AVAILABLE RECORDS -
-- Opening Marker --

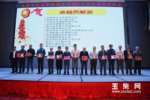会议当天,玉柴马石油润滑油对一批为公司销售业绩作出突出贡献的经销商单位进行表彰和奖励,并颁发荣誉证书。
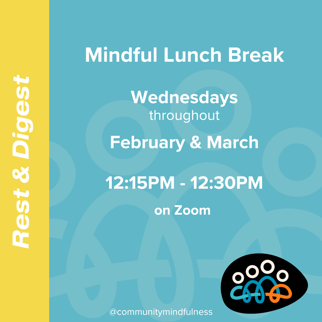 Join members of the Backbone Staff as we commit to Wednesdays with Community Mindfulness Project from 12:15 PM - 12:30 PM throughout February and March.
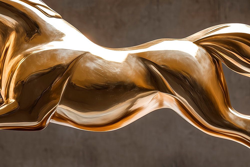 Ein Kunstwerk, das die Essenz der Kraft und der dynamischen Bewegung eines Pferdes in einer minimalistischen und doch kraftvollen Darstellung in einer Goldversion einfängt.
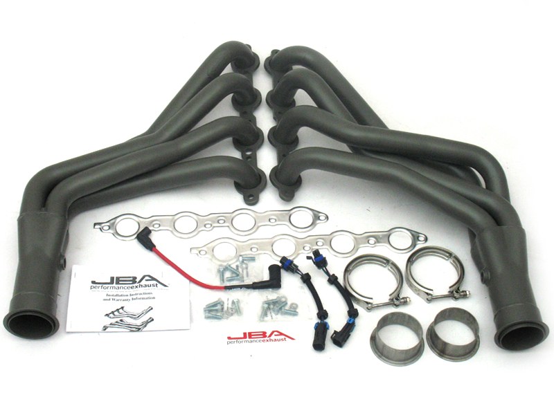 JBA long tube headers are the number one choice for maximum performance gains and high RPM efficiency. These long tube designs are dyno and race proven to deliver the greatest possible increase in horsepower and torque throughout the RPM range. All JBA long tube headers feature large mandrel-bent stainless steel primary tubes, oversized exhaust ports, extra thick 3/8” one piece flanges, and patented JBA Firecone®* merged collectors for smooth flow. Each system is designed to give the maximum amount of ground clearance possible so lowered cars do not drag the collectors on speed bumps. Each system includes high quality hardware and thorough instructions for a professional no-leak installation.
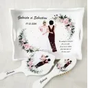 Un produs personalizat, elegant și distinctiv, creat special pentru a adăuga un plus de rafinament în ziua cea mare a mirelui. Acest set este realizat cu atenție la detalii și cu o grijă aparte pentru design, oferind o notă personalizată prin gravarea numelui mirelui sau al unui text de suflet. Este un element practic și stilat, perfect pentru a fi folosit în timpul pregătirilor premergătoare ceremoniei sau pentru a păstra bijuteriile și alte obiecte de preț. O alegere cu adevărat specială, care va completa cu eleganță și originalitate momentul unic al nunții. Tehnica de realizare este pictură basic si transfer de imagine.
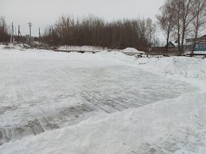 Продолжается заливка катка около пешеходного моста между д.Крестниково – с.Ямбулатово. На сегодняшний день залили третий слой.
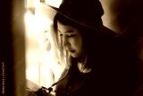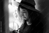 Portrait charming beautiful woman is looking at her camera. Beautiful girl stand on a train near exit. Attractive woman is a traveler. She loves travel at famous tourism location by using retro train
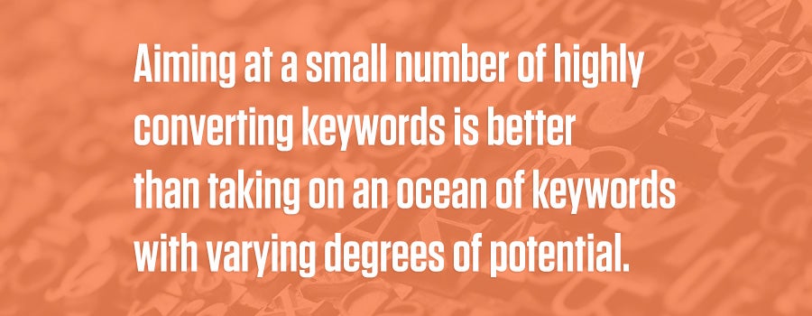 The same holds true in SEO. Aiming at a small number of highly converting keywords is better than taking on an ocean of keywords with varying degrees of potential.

-- Closing Marker --

EXERCISE BRIEF - Write out each line of the listing above, exactly, from its first line to the line holding "Ein Kunstwerk, das", inclusive. Skip the pictures.

WORKED SOLUTION -
会议当天,玉柴马石油润滑油对一批为公司销售业绩作出突出贡献的经销商单位进行表彰和奖励,并颁发荣誉证书。
 Join members of the Backbone Staff as we commit to Wednesdays with Community Mindfulness Project from 12:15 PM - 12:30 PM throughout February and March.
 Ein Kunstwerk, das die Essenz der Kraft und der dynamischen Bewegung eines Pferdes in einer minimalistischen und doch kraftvollen Darstellung in einer Goldversion einfängt.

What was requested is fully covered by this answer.